▶ **EXERCISE**
Every entry below must be transcribed word for word, and the images must be left out.

▶ **EXERCISE MATERIALS**
──────

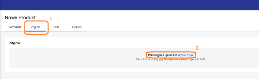 3. Następnie przejdź do zakładki Zdjęcia (1) i kliknij w opcję Przeciągnij i upuść lub Wybierz plik (2). Wybierz plik ze zdjęciem z dysku komputera lub przeciągnij plik w dany obszar:
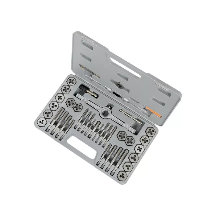 | Includes | Filière et taraud hex #4-40, # 6-32, # 8-32, # 10-24, # 10-32, # 12-24, 1/4-20, 1/4-28, 5/16-18, 5/16- 24, 3/8-16, 3/8-24, 7/16-14, 7/16-20, 1/2-20, 1/8-27 NPT, clé à tarauder réglable à long manche, tarauds en T à tige 1/16-3/16, filière hex 1", tournevi |
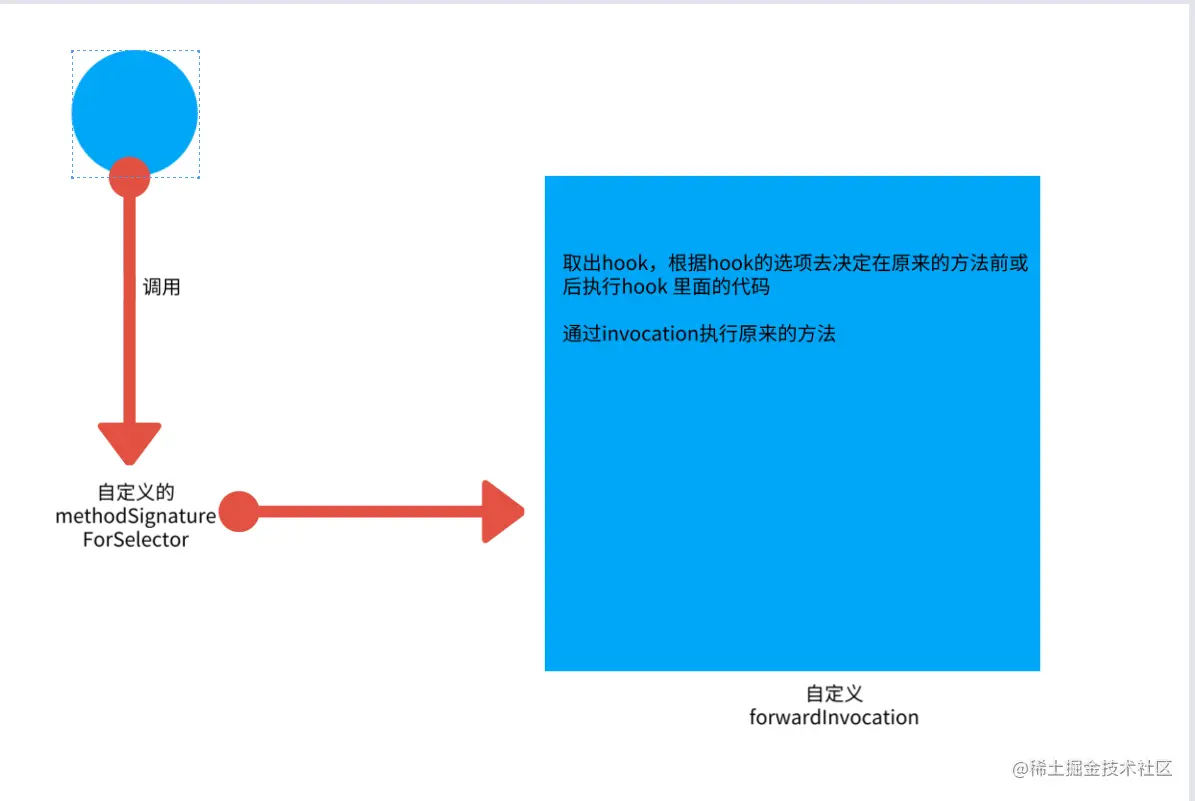 - 在消息转发的流程中,hook类的methodSignatureForSelector和forwardInvocation方法,在forwardInvocation中执行hook的操作
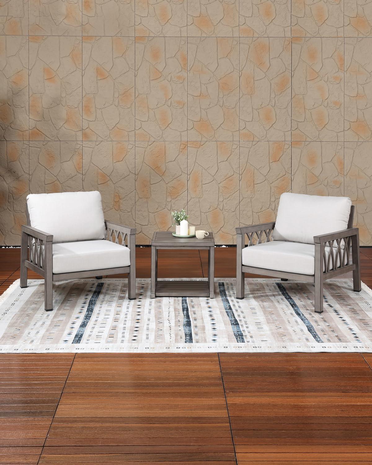 After spending considerable time with this outdoor trio, we appreciate how thoughtfully each element balances style and function. The lightweight aluminum frames with a limed oak finish not only resist rust and sun damage but also make rearranging the set effortless-ideal for those who like to refresh their outdoor space often. The geometric cutouts on the chairs add a modern flair while enhancing airflow, keeping us comfortable during long chats or relaxing afternoons. Plus, the thick, breathable cushions with zippered, washable covers make upkeep simple, ensuring the set stays inviting and fresh through all seasons.
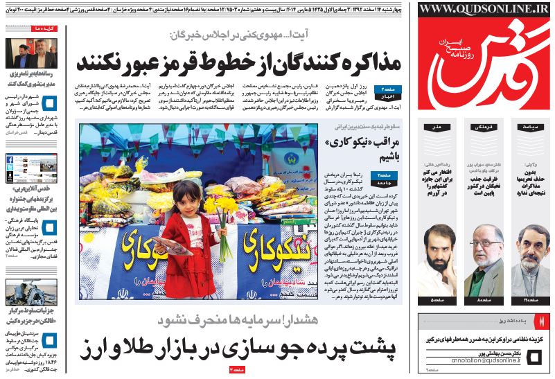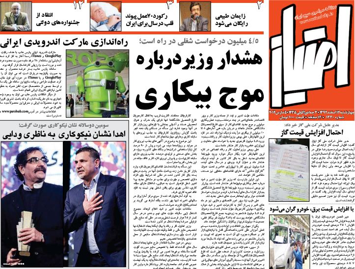 کد خبر : 77807 تاریخ انتشار : چهارشنبه ۱۴ اسفند ۱۳۹۲ - ۷:۲۵ صفحه اول روزنامههای امروز چهارشنبه 14 اسفند ۱۳۹۲ به این پست امتیاز دهید دسته بندی : اخبار روز ، مجله خبری
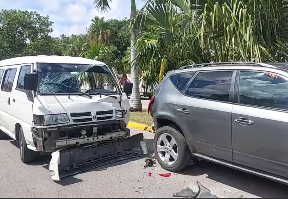 Esta tarde se reportó un choque cerca de la avenida Andrés Quintana Roo, detrás de los juzgados familiares. Una combi de uso privado se estampó contra una camioneta marca Nissan que se encontraba estacionada en la Supermanzana 50, cabe resaltar que estaba en línea amarilla.
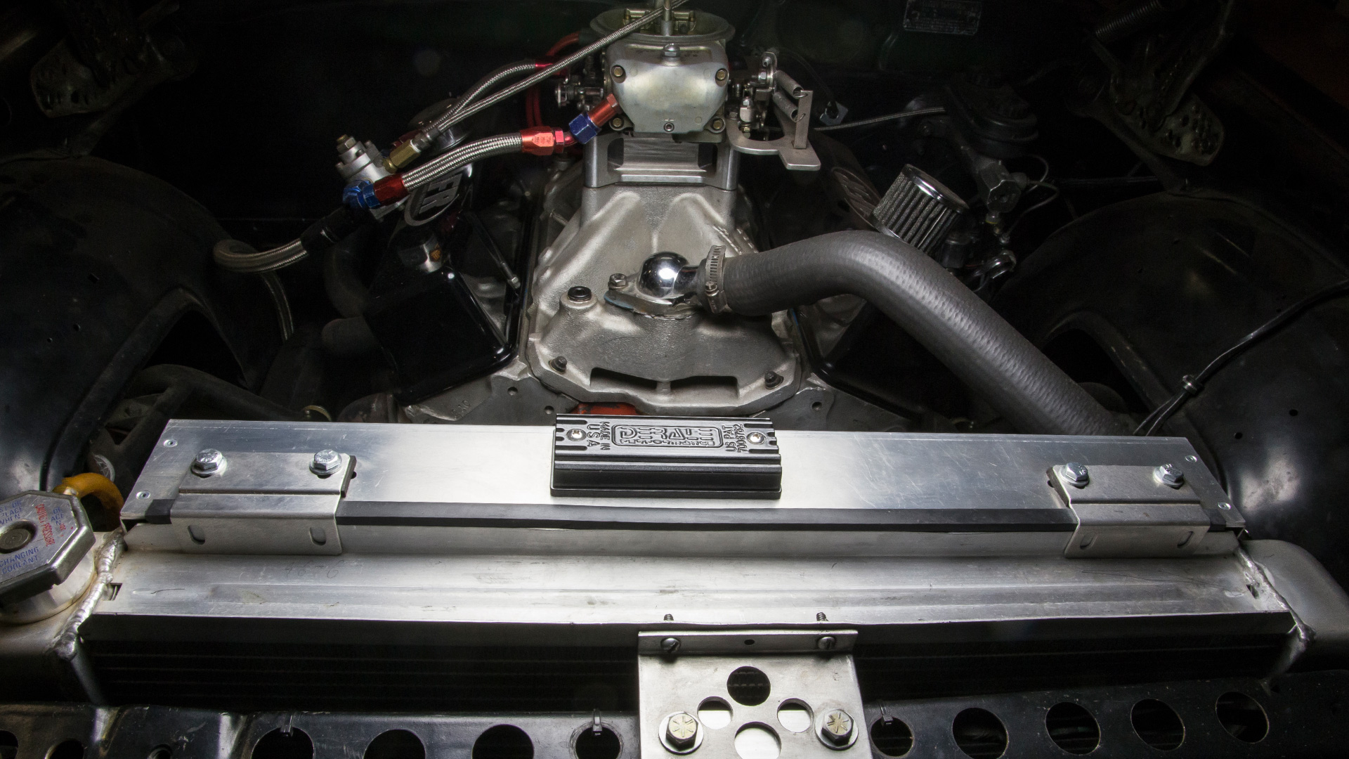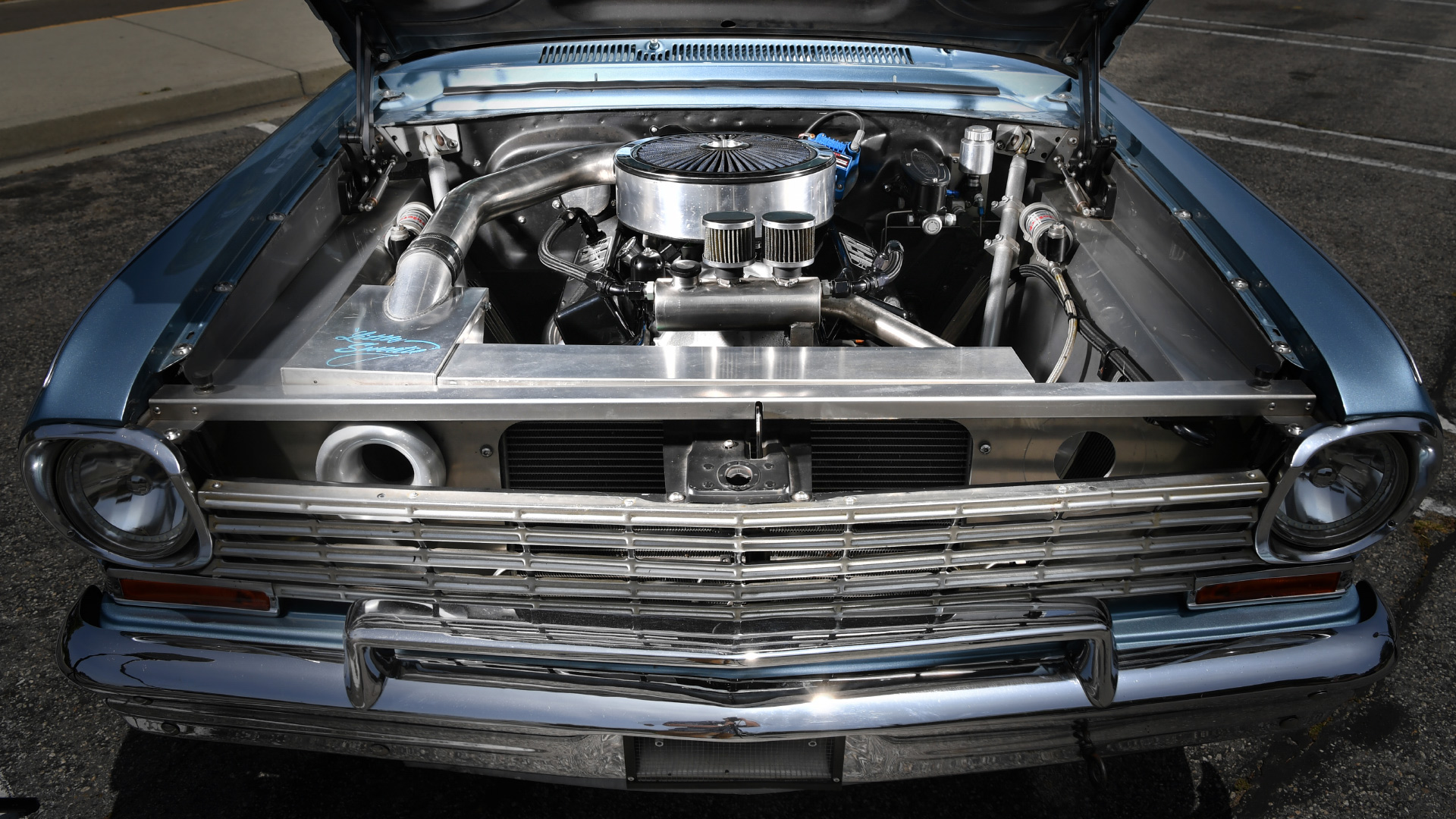 Evan Dalley knows how to keep it cool! This 1963 Chevy Nova keeps it cool during autocross events using the Derale PWM Controller (16795) and a Derale dual shrouded electric fan set up (16837). It has a 427” SBC built by Caldwell Performance running 11.3:1 compression, a Scat rotating assembly with a Dart Iron Eagle block, Caldwell Performance built headers, Magnaflow mufflers, MSD Ignition, Muncie M20 Transmission. To cool the transmission a Derale 25 row Stack Plate cooler (52506) is also installed. this is one Bad Nova!!!!
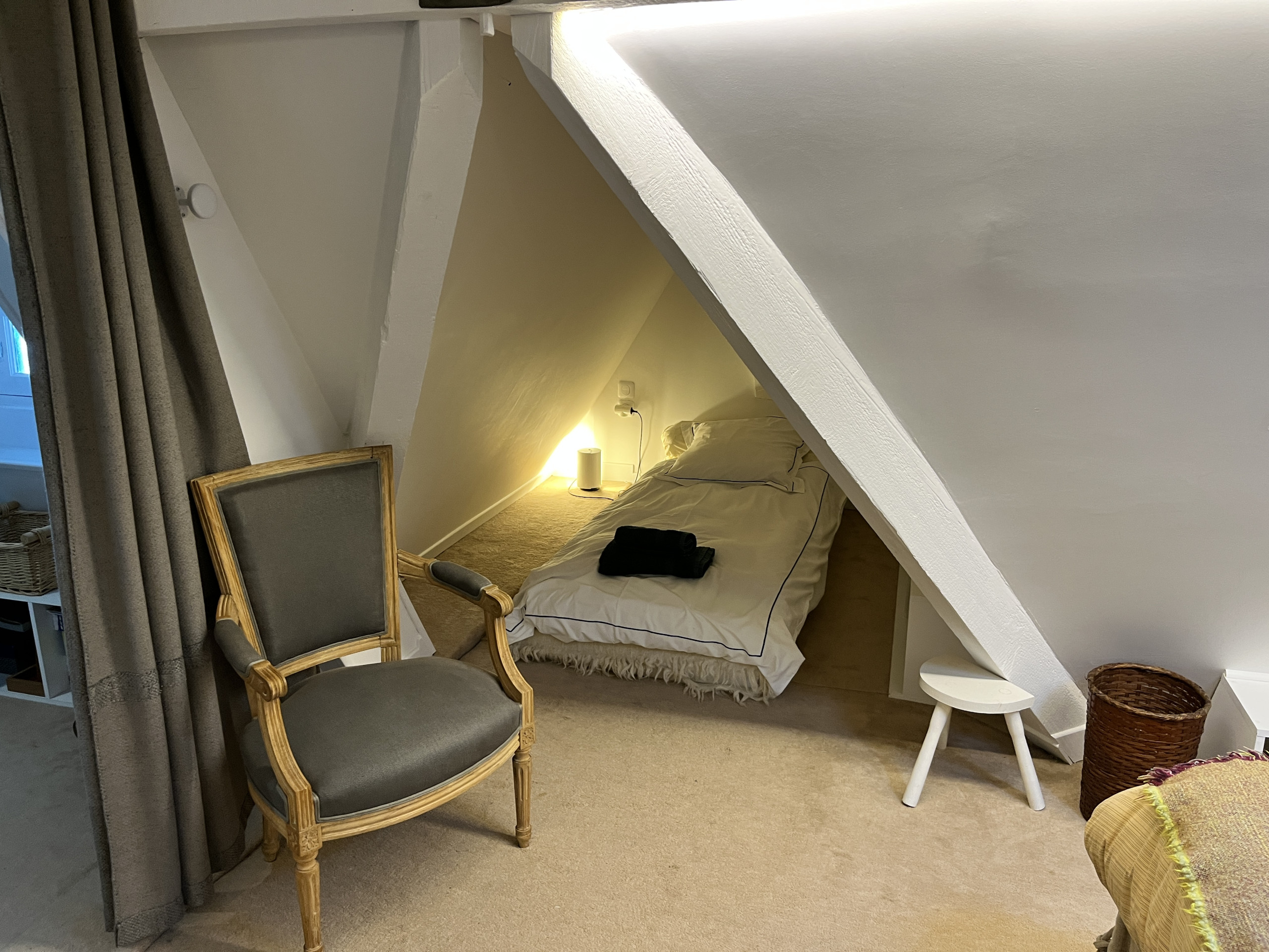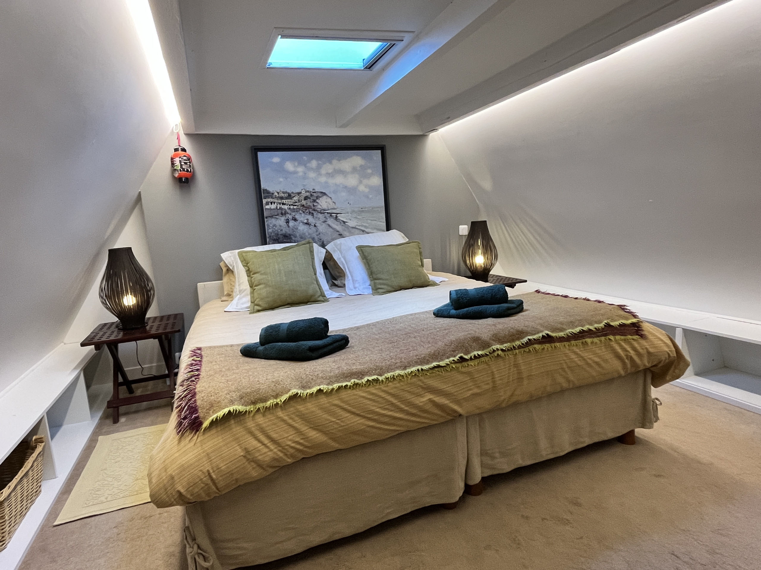 À l’étage, deux jolies chambres, dont une avec vue sur le ciel. Ces 2 chambres disposent sur le palier d’une autre salle de bain avec douche, wc et lavabo.
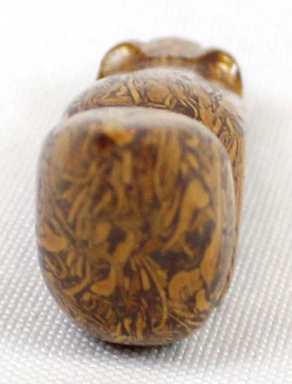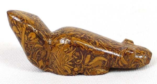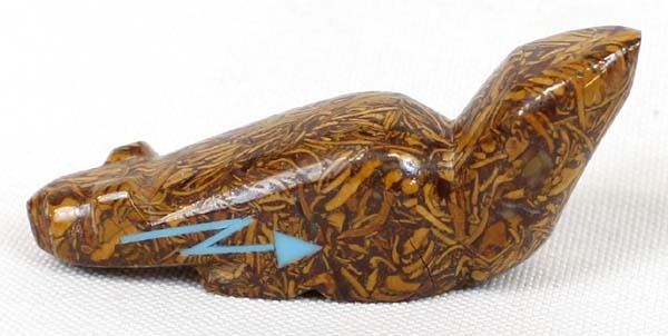 Native American Zuni Carved Fossil Jasper Squirrel Fetish by Clayton and Abby (Quam) Panteah, measures 1'' x 2'' and has artist's initials on the bottom, inlay turquoise heart line, gorgeous stone

──────

▶ **RESULT**
 3. Następnie przejdź do zakładki Zdjęcia (1) i kliknij w opcję Przeciągnij i upuść lub Wybierz plik (2). Wybierz plik ze zdjęciem z dysku komputera lub przeciągnij plik w dany obszar:
 | Includes | Filière et taraud hex #4-40, # 6-32, # 8-32, # 10-24, # 10-32, # 12-24, 1/4-20, 1/4-28, 5/16-18, 5/16- 24, 3/8-16, 3/8-24, 7/16-14, 7/16-20, 1/2-20, 1/8-27 NPT, clé à tarauder réglable à long manche, tarauds en T à tige 1/16-3/16, filière hex 1", tournevi |
 - 在消息转发的流程中,hook类的methodSignatureForSelector和forwardInvocation方法,在forwardInvocation中执行hook的操作
 After spending considerable time with this outdoor trio, we appreciate how thoughtfully each element balances style and function. The lightweight aluminum frames with a limed oak finish not only resist rust and sun damage but also make rearranging the set effortless-ideal for those who like to refresh their outdoor space often. The geometric cutouts on the chairs add a modern flair while enhancing airflow, keeping us comfortable during long chats or relaxing afternoons. Plus, the thick, breathable cushions with zippered, washable covers make upkeep simple, ensuring the set stays inviting and fresh through all seasons.
 کد خبر : 77807 تاریخ انتشار : چهارشنبه ۱۴ اسفند ۱۳۹۲ - ۷:۲۵ صفحه اول روزنامههای امروز چهارشنبه 14 اسفند ۱۳۹۲ به این پست امتیاز دهید دسته بندی : اخبار روز ، مجله خبری
 Esta tarde se reportó un choque cerca de la avenida Andrés Quintana Roo, detrás de los juzgados familiares. Una combi de uso privado se estampó contra una camioneta marca Nissan que se encontraba estacionada en la Supermanzana 50, cabe resaltar que estaba en línea amarilla.
 Evan Dalley knows how to keep it cool! This 1963 Chevy Nova keeps it cool during autocross events using the Derale PWM Controller (16795) and a Derale dual shrouded electric fan set up (16837). It has a 427” SBC built by Caldwell Performance running 11.3:1 compression, a Scat rotating assembly with a Dart Iron Eagle block, Caldwell Performance built headers, Magnaflow mufflers, MSD Ignition, Muncie M20 Transmission. To cool the transmission a Derale 25 row Stack Plate cooler (52506) is also installed. this is one Bad Nova!!!!
 À l’étage, deux jolies chambres, dont une avec vue sur le ciel. Ces 2 chambres disposent sur le palier d’une autre salle de bain avec douche, wc et lavabo.
 Native American Zuni Carved Fossil Jasper Squirrel Fetish by Clayton and Abby (Quam) Panteah, measures 1'' x 2'' and has artist's initials on the bottom, inlay turquoise heart line, gorgeous stone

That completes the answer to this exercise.